* _TASK STATEMENT_
Leaving the pictures out, print the lines from the first line of the listing through the line containing "A layered coffee", exactly as they read, and no others.

#### AVAILABLE DATA ####

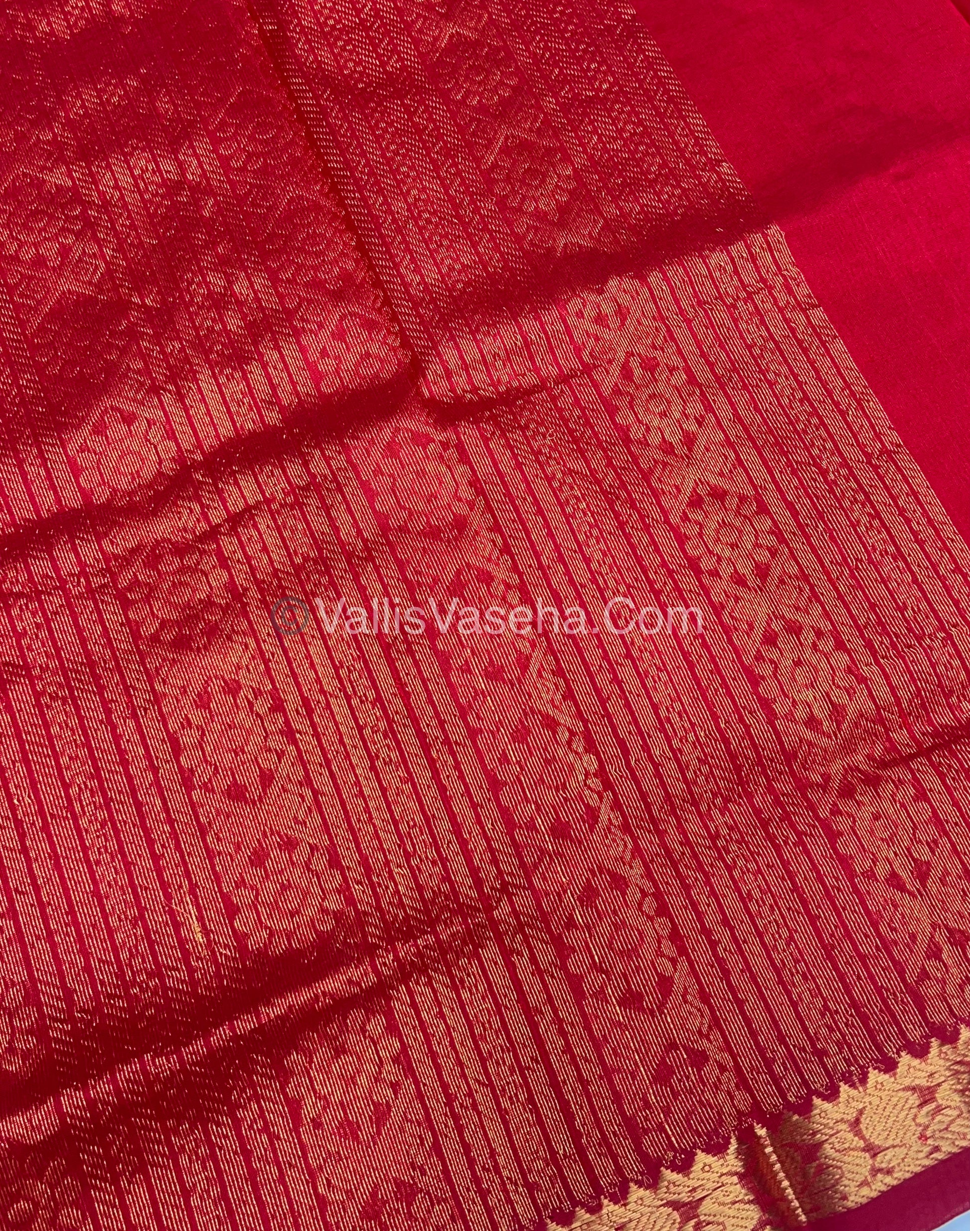 Pure Silk Cotton Saree - Mayil & Elephant Design - Red - VVMES001
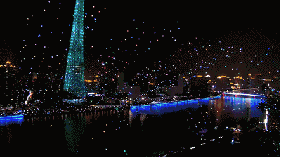 慧聪LED屏网报道 近日,2017《财富》全球论坛在广州举办,让世界目光再度聚焦于这一花城。昨晚,漂浮在海心沙上空的1180架无人机的精彩表演,刷爆了朋友圈。伴随着《祝酒歌》的音乐声,1180架无人机编队升起,亮灯形
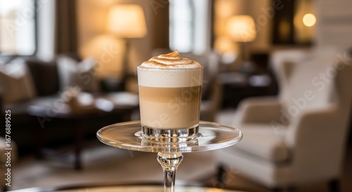 A layered coffee drink likely a latte or cappuccino is presented on a glass stand in a softly lit upscale setting with blurred furniture and lamps
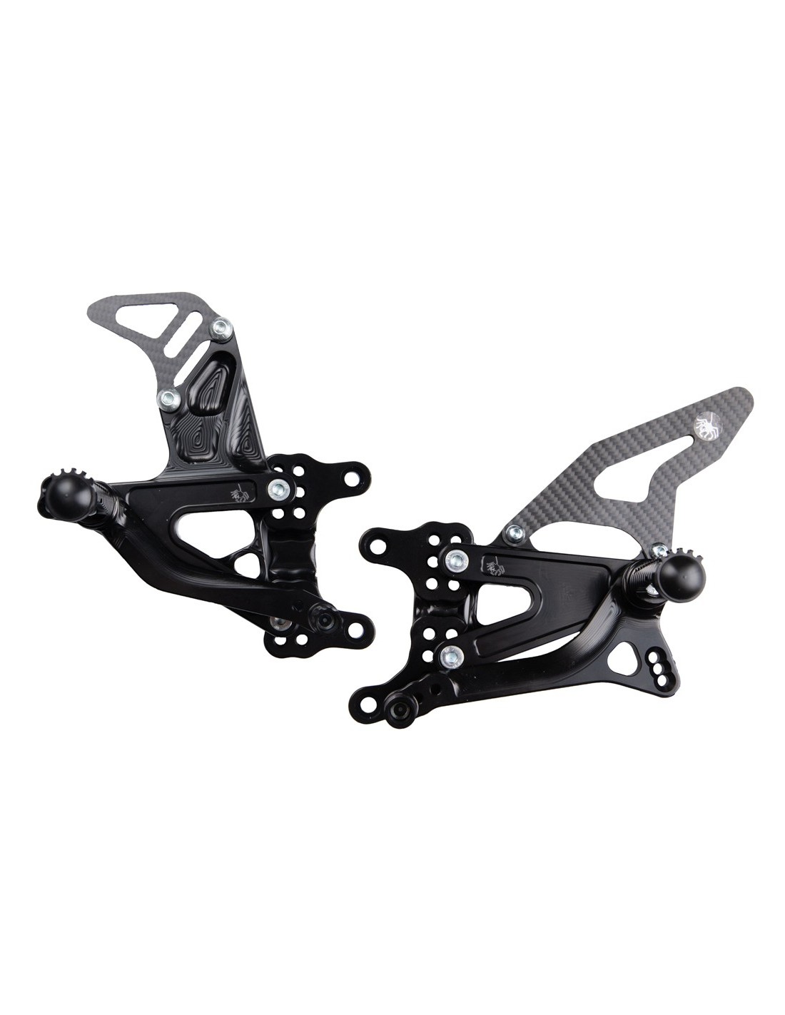 Retarded and adjustable. Features: Made of ergal 7075. Valid for normal and inverted gear. Available with fixed footrest. Screws included in the kit. Easily adjustable. Finished in black colour.

####

* _RESULT OF THE EXERCISE_
 Pure Silk Cotton Saree - Mayil & Elephant Design - Red - VVMES001
 慧聪LED屏网报道 近日,2017《财富》全球论坛在广州举办,让世界目光再度聚焦于这一花城。昨晚,漂浮在海心沙上空的1180架无人机的精彩表演,刷爆了朋友圈。伴随着《祝酒歌》的音乐声,1180架无人机编队升起,亮灯形
 A layered coffee drink likely a latte or cappuccino is presented on a glass stand in a softly lit upscale setting with blurred furniture and lamps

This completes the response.